EXERCISE DETAILS: Pictures are to be left out; every line from the one that holds "Electric miniature machine" to the end of the data is to be retyped exactly.

THE DATA:
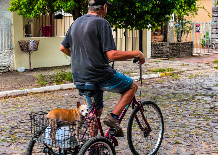 Um negócio é bom quando é bom para os dois, diz o ditado. A parceria do ciclista com seu mascote foi flagrada em São Leopoldo, no Vale do Sinos. Passeio de bike para o descanso do pet, que também funciona como segurança caso alguém avance no patrão. Desde que seu latido seja forte, claro. Neste caso, cachorro pequeno late alto mesmo. Como dizem os franceses, em pequenos frascos os grandes perfumes.
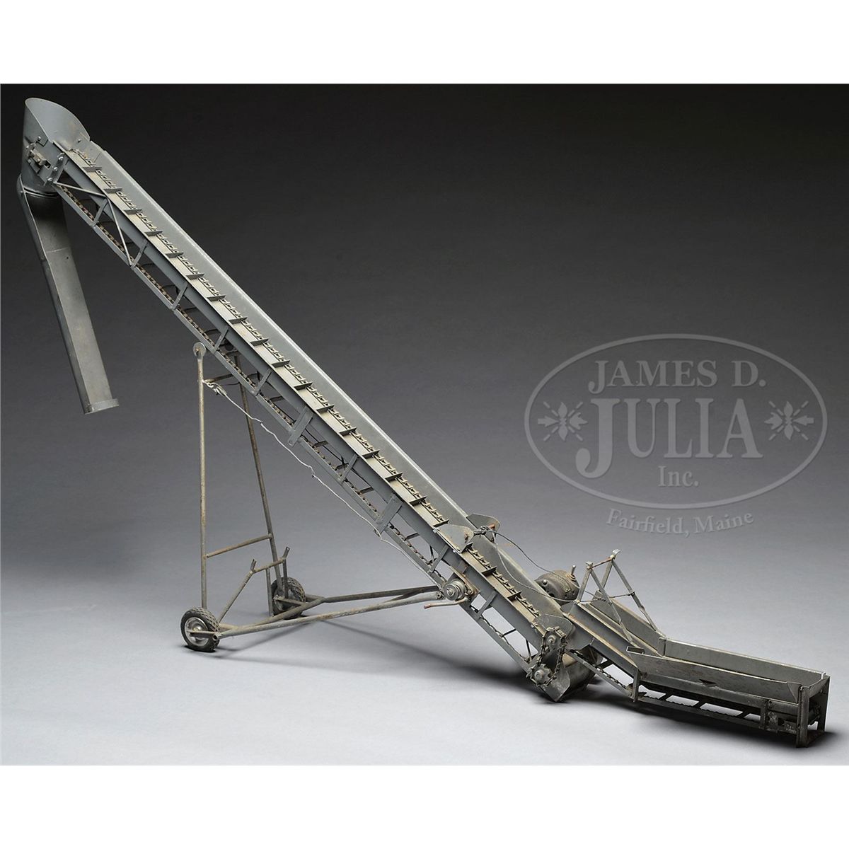 Electric miniature machine consisting of a long conveyor belt leading up to an adjustable incline and adjustable chute mounted to rubber wheeled base for transport. Motor housing is marked "Dayton Electric Mfg Co.". SIZE: 65" l x 35" h. CONDITION: Overall good, electric cord has been spliced, would benefit from general cleaning. Electrics untested. 1-13627
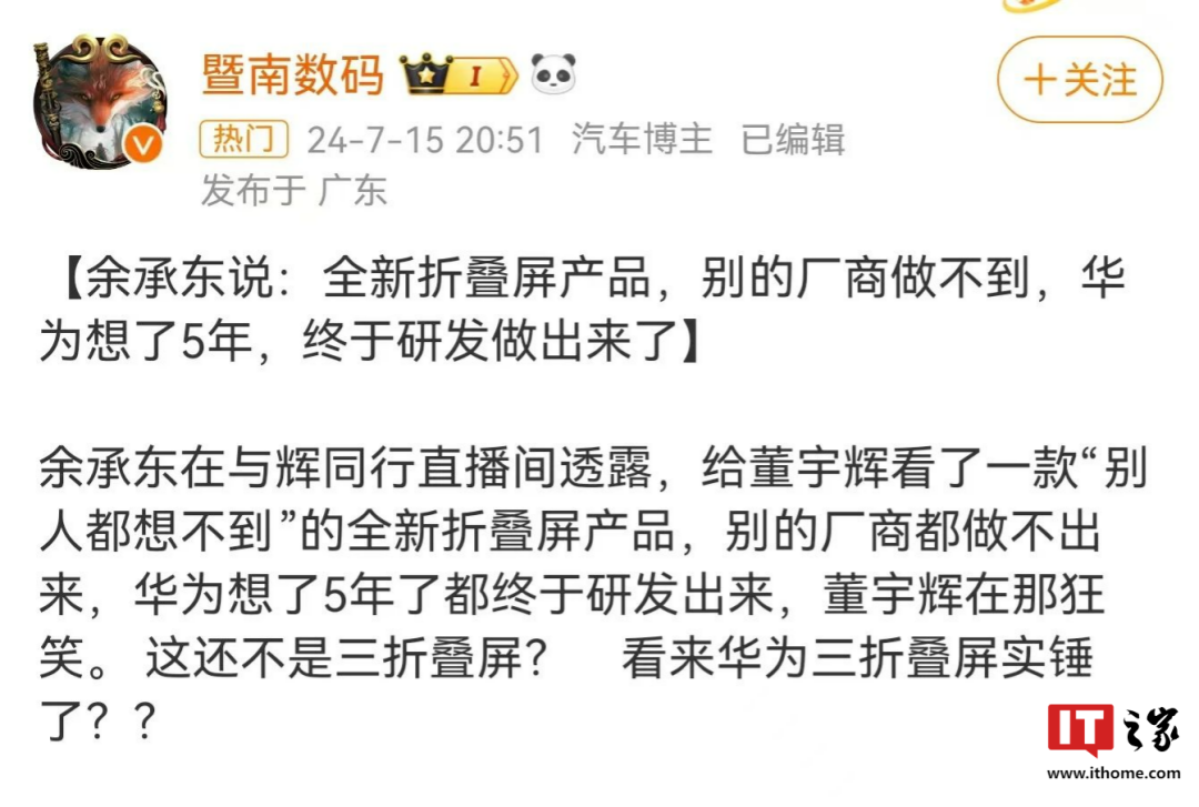 其三,在 8 月,网传的一张余承东被偷拍的照片显示,他手持一台三折叠屏新机。
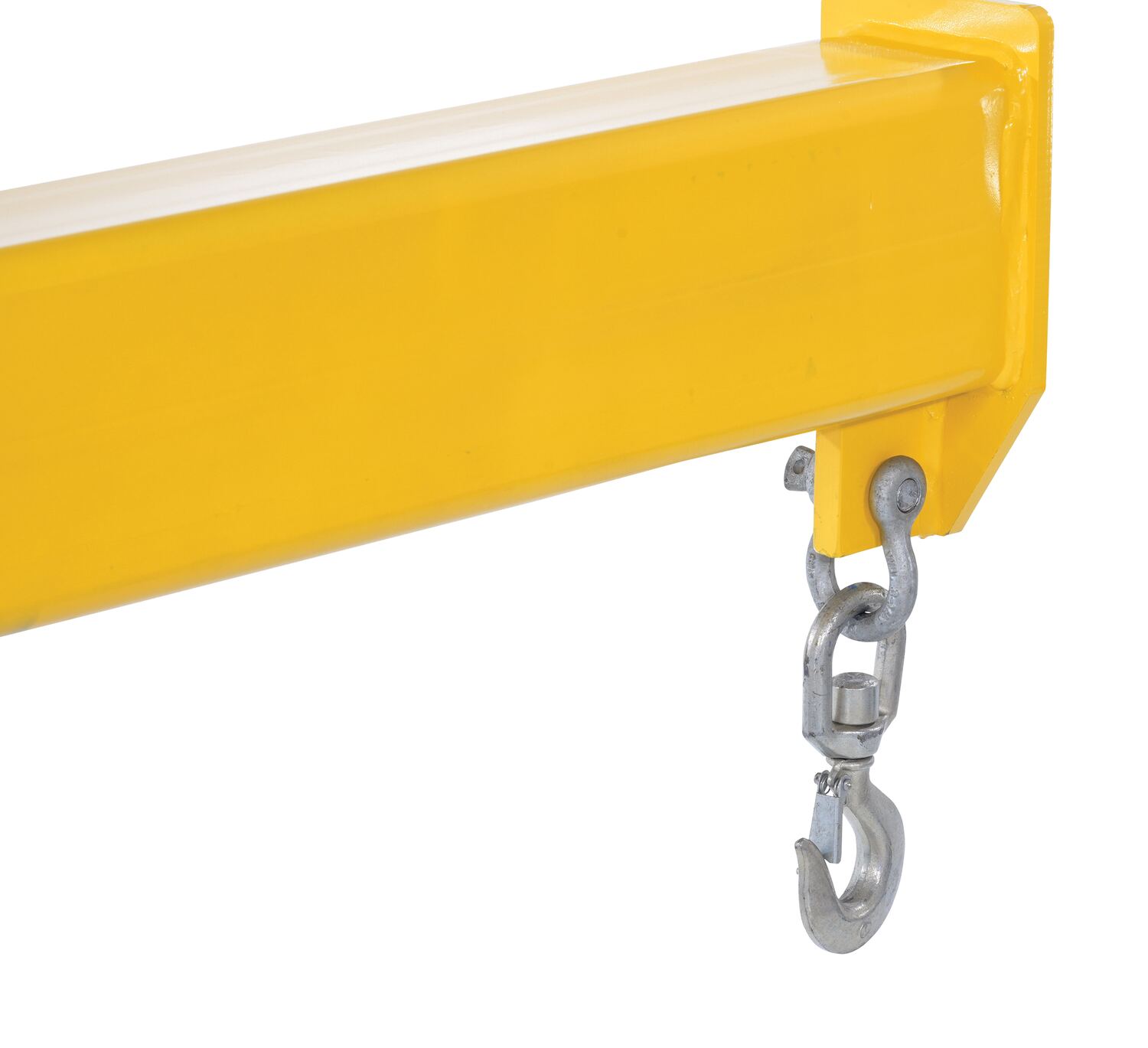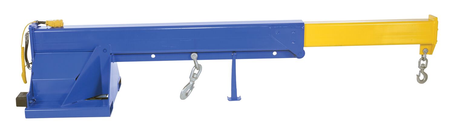The DC powered telescoping boom has all the benefits of the standard lifting boom, except now it has the capability of being powered. The DC powered design includes a power unit housed between the fork tubes and the outer boom. By using the handheld controller the boom can be extended or retracted. The hand held controller connects to the power unit via a pigtail cord. Painted for a smooth finish and to limit abrasion. Includes two (2) lifting hooks.

YOUR RESPONSE:
 Electric miniature machine consisting of a long conveyor belt leading up to an adjustable incline and adjustable chute mounted to rubber wheeled base for transport. Motor housing is marked "Dayton Electric Mfg Co.". SIZE: 65" l x 35" h. CONDITION: Overall good, electric cord has been spliced, would benefit from general cleaning. Electrics untested. 1-13627
 其三,在 8 月,网传的一张余承东被偷拍的照片显示,他手持一台三折叠屏新机。
The DC powered telescoping boom has all the benefits of the standard lifting boom, except now it has the capability of being powered. The DC powered design includes a power unit housed between the fork tubes and the outer boom. By using the handheld controller the boom can be extended or retracted. The hand held controller connects to the power unit via a pigtail cord. Painted for a smooth finish and to limit abrasion. Includes two (2) lifting hooks.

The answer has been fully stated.